«Притомил он меня, — бормотал Капитан, — но все эти побрякушки и бабки… Надо бы как-нибудь безболезненно их у него отнять. Но это уже завтра». Он повернулся на другой бок и заснул.
Дурной Чарли и Генерал, тем не менее, не последовали примеру своего главаря. Абсолютно бодрые, они расположились немного в стороне, чтобы никто не мог подслушать их перешептывание.
— Лучше ты это сделай, — мягко убеждал Генерал. — У тебя прытко с пером выходит. К тому ж одним больше, одним меньше.
— С такой добычей могём дернуть в Южную Америку и зажить как короли, — бубнил Дурной Чарли. — Завяжу с дурью, ферму куплю, и афтымибиль, и…
— Размечтался, — одернул Генерал. — Если подфартит, доедем до Цинциннати, закутим, и тута нас загребут. Одного вздернут, а второго запрут до конца дней.
Лицом Генерал походил на хорька, а выглядел то ли на тридцать пять, то ли на шестьдесят лет. Иногда ему можно было дать все сто десять. Прозвище же получил, когда еще мальчишкой шагал вместе с Армией Кокси[7] на Вашингтон, а точнее это звание было дано ему позднее как почетный знак признания его заслуг. Генерал, поначалу состригавший купоны с пособий бывших братьев по оружию, так никогда и не опустился с высот своей «военной карьеры» до физического труда, но в то же время не поднялся в чинах и в преступной среде. Довольно посредственный карманник и неуверенный в себе человек, он влачил жалкое существование, в зависимости от сезона бродяжничая или пользуясь гостеприимством казенных заведений негостеприимных штатов. И вот впервые в жизни перед Генералом замаячило настоящее дело, а страх сделал его тем, кем он никогда не был, — опасным преступником.
— Да ты весельчак, — прокомментировал Дурной Чарли. — Но мож ты и прав. Без разницы, вздернут меня за одного иль за двоих, тут к бабке не ходи. Дай-ка я кольнусь, чтоб от души отлегло.
Он вынул из бокового кармана футлярчик, закатал рукав и впрыснул себе такую дозу морфина, какой хватило бы, чтобы убить с десяток нормальных людей.

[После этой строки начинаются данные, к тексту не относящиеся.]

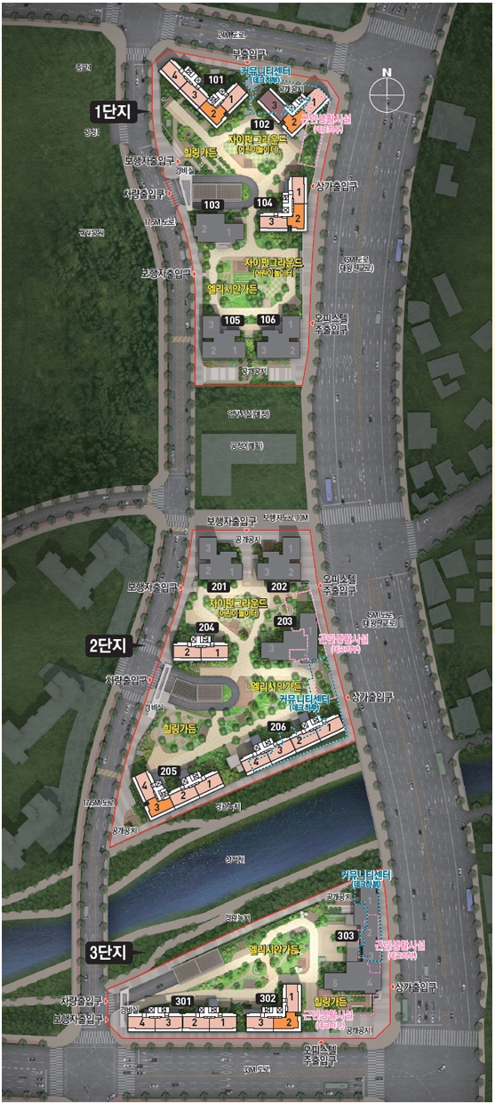 판교밸리자이는 단지가 3블럭으로 나눠져 있는데, 단지 레벨차를 이용한 스트리트형 상가와 연계된 단지 계획을 멋지게 구성했답니다.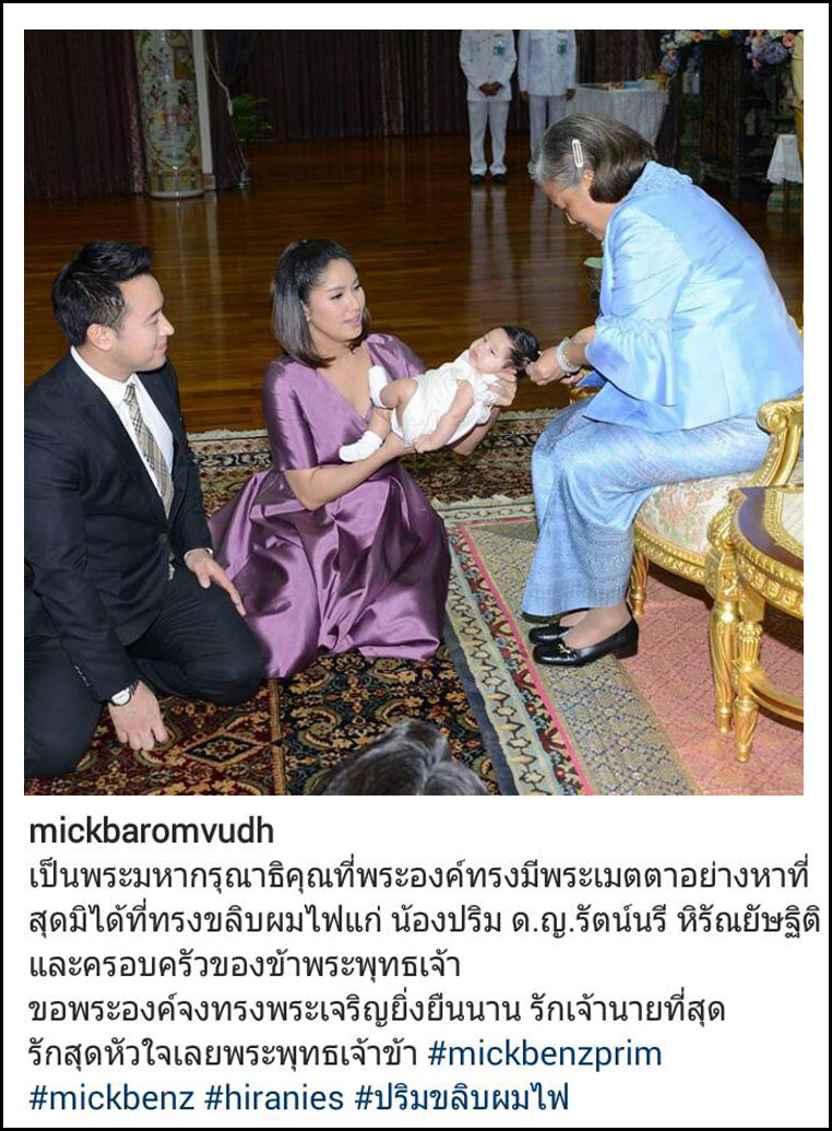 ทั้งนี้ คุณพ่อป้ายแดง มิค บรมวุฒิ ได้โพสต์ภาพพร้อมข้อความว่า "เป็นพระมหากรุณาธิคุณที่พระองค์ทรงมีพระเมตตาอย่างหาที่สุดมิได้ที่ทรงขลิบผมไฟแก่ น้องปริม ด.ญ.รัตน์นรี หิรัณยัษฐิติ และครอบครัวของข้าพระพุทธเจ้า ขอพระองค์จงทรงพระเจริญยิ่งยืนนาน รักเจ้านายที่สุด รักสุดหัวใจเลยพระพุทธเจ้าข้า #mickbenzprim #mickbenz #hiranies #ปริมขลิบผมไฟ "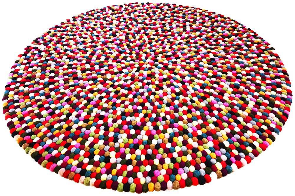 Giv dit hjem noget af et farveboost med dette livlige og dragende kugletæppe. Du får her et klassisk, nordisk, multifarvede kugletæppe, i højeste kvalitet og håndlavet af 100% ren uld. Tæppets runde design gør, at det passer perfekt under sofabordet, i soveværelset, børneværelset eller entreen.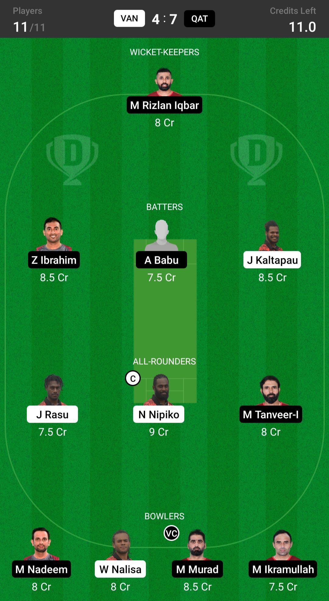 Vanuatu vs Qatar Dream11 Prediction, Grand League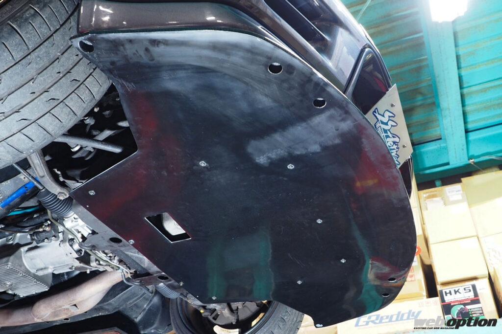 また、取り付けは純正サスメンバーを利用した15点留めという頑強な仕様で、強大なダウンフォースにも完全対応。オイルドレンの位置にはサービスホールが空けられているため、オイル交換時にディフューザーを脱着する必要がないのもポイントだ。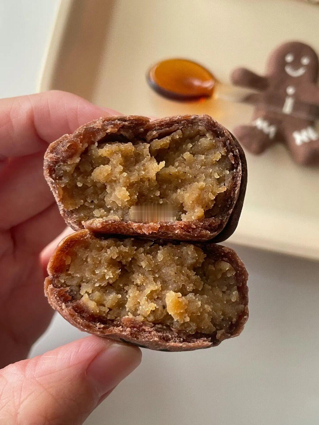 3️⃣浅色面团均分成10份,栗子泥分成20g/个

С охапки пахнувшего плесенью сена у другой стены овина сквозь тяжелые веки на заговорщиков смотрел сам молодой человек, страдавший в эту ночь бессонницей. Все его тело содрогнулось от отвращения. Впервые он почти сожалел о том, что ступил на скользкую дорожку. Юноша видел, что мужчины о чем-то серьезно совещаются, и хотя ему ничего не было слышно, по взглядам и кивкам в его сторону, становилось ясно, что является повесткой этого ночного заседания. Он лежал и наблюдал за ними — не из страха, убеждал он себя, а из любопытства. И чего здесь бояться? Разве воровская честь не вошла в поговорку?
Чем дольше он смотрел, тем тяжелее становились его веки. Уже несколько раз с огромным трудом приходилось размыкать их. Наконец они закрылись окончательно, и юная грудь мерно заколыхалась в объятиях сна.
Два оборванных крысоподобных существа тихо поднялись и, почти прижимаясь к земле, старательно минуя тела спящих, стали пробираться к Оскалузскому Вору. В руке Дурного Чарли мерцала сталь, а в сердце — страх и жадность. Он действительно опасался, что парень окажется частным детективом. Однажды Дурной Чарли сталкивался с такими и знал, что они легко находят улики, мимо которых проходят даже самые опытные полицейские. Но набитые добычей карманы перевешивали все доводы рассудка.
И вот человек с ножом склонился над мальчиком. Он не поднял руку и не нанес резкого удара в темноту. Вместо этого осторожно приставил острие к сердцу жертвы, а затем резко перенес весь свой вес на клинок.
* * *Абигейл Прим всегда была занозой в пятке для своей мачехи, благонамеренной, амбициозной, но весьма посредственной женщины, напрочь лишенной воображения. Как только эта дама в качестве домоправительницы попала в дом Примов, а случилось это сразу после смерти мамы Абигейл, она начала смотреть на девочку как на препятствие, которое необходимо преодолеть. Женщина старалась вести себя «правильно» по отношению к ребенку, но так никогда и не дала Абигейл того, что девчушке было столь необходимо, — любви и понимания. Не испытывая любви к Абигейл, экономка, естественно, не могла и проявить это чувство, а что касается понимания, то в нашем случае душевный склад двух героинь больше походил на соотношение действий на деревянных счётах и вычислений в высшей математике.
Джонас Прим любил дочь. Не было ничего такого, в разумных пределах, конечно, чего бы он ей не купил, только попроси, но любовь Джонаса Прима, как и вся его жизнь, выражалась в денежных знаках, тогда как Абигейл жаждала совершенно иного.